How to Create a File With a Given Size in Linux

How to create a file with a given size in Linux?

For small files:

dd if=/dev/zero of=upload_test bs=file_size count=1

Where file_size is the size of your test file in bytes.

For big files:

dd if=/dev/zero of=upload_test bs=1M count=size_in_megabytes

How to create a file with ANY given size in Linux?

Sparse file

dd of=output.dat bs=1 seek=390143672 count=0

This has the added benefit of creating the file sparse if the underlying filesystem supports that. This means, no space is wasted if some of the pages (_blocks) ever get written to and the file creation is extremely quick.


Non-sparse (opaque) file:

Edit since people have, rightly pointed out that sparse files have characteristics that could be disadvantageous in some scenarios, here is the sweet point:

You could use fallocate (in Debian present due to util-linux) instead:

fallocate -l 390143672 output.dat

This still has the benefit of not needing to actually write the blocks, so it is pretty much as quick as creating the sparse file, but it is not sparse. Best Of Both Worlds.

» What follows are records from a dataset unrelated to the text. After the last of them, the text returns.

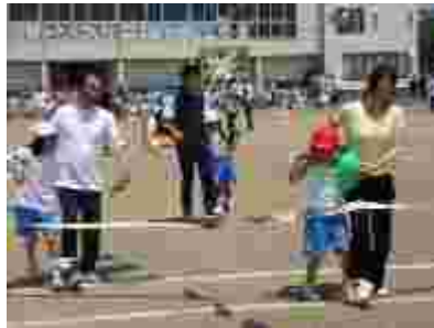
低学年はお家の人と二人三脚。
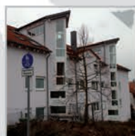
20 Einheiten, Magstadt
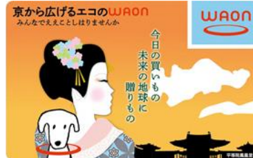
【京から広げるエコのWAON】 京都府の環境保全対策に役立てられます。
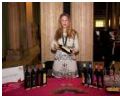
BODEGAS ROMERO DE ÁVILA
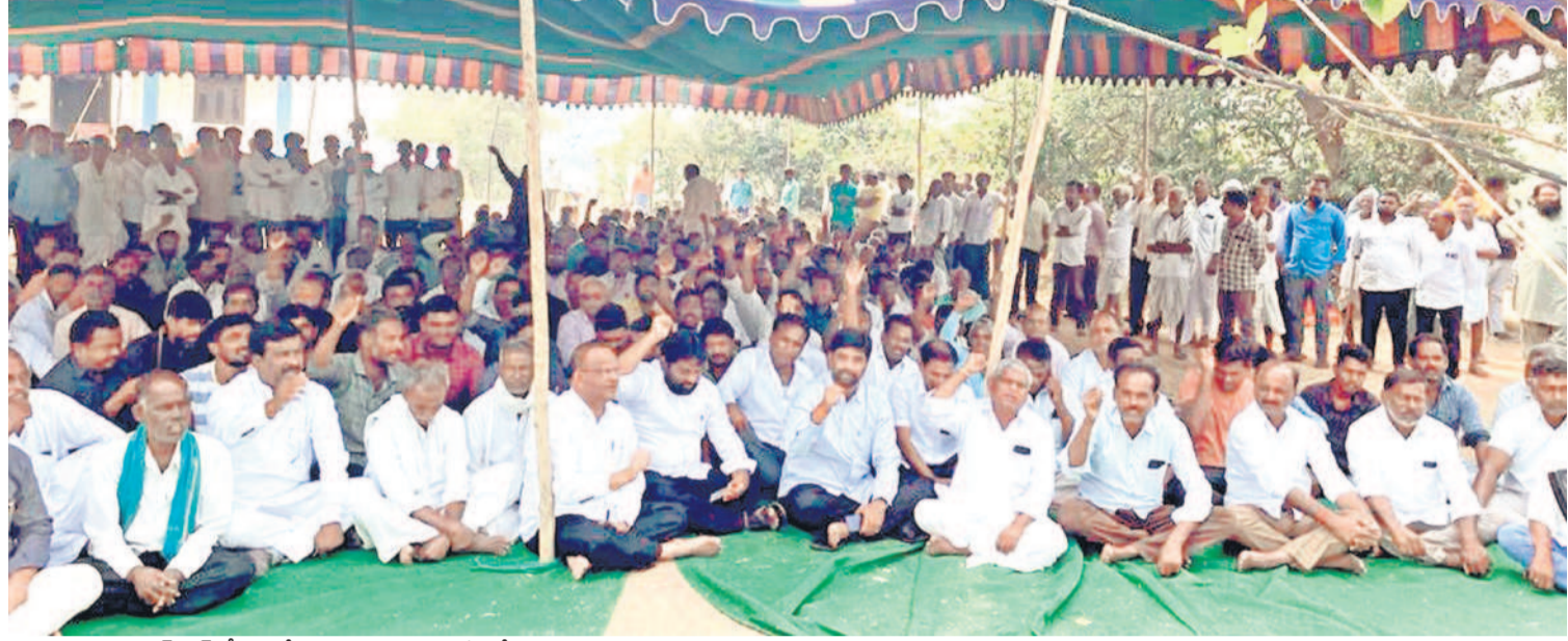
దిలావర్పూర్ లోని జాతీయ రహదారి పక్కన డిజిల్ ట్యాంకులు, నాయకులు
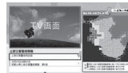
テレビわかやま地上デジタルデータ放送
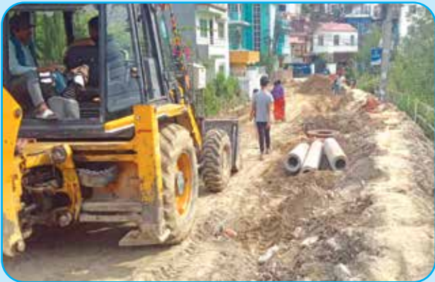
रेसुङ्गा कोलोनी देखि हेपाली जाने चोक बाटो सम्म ढल, खानेपानी पाइपलाइन विस्तार वडा नं ४
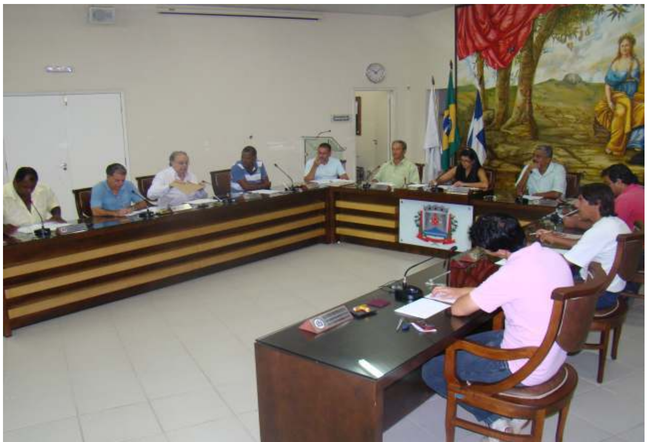
O Projeto de Lei Complementar foi aprovado em duas sessões extraordinárias realizadas no dia 02/03
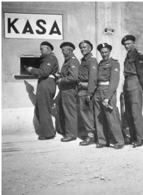
Zdjęcie 016. Polscy żołnierze 2 Warszawskiej Dywizji Pancernej w Maceracie we Włoszech kolejce po żytd.

Create a large file with a given size with a pattern in Linux

while true ; do printf "DEADBEEF"; done | dd of=/tmp/bigfile bs=blocksize count=size iflag=fullblock

Create a file of a specific size with random printable strings in bash

The correct way is to use a transformation like base64 to convert the random bytes to characters. That will not erase any of the randomness from the source, it will only convert it to some other form.

For a (a little bit bigger) file of 1 MegaByte of size:

dd if=/dev/urandom bs=786438 count=1 | base64 > /tmp/file

The resulting file will contain characters in the range A–Za–z0–9 and +/=.

Below is the reason for the file to be a little bigger, and a solution.

You could add a filter to translate from that list to some other list (of the same size or less) with tr.

cat /tmp/file | tr 'A-Za-z0-9+/=' 'a-z0-9A-Z$%'

I have left the = outside of the translation because for an uniform random distribution it is better to leave out the last characters that will (almost) allways be =.

Size

The size of the file will get expanded from the original size used from /dev/random in a factor of 4/3. That is because we are transforming 256 byte values into 64 different characters. That is done by taking 6 bits from the stream of bytes to encode each character. When 4 characters have been encoded (6*4=24 bits) only three bytes have been consumed (8*3=24).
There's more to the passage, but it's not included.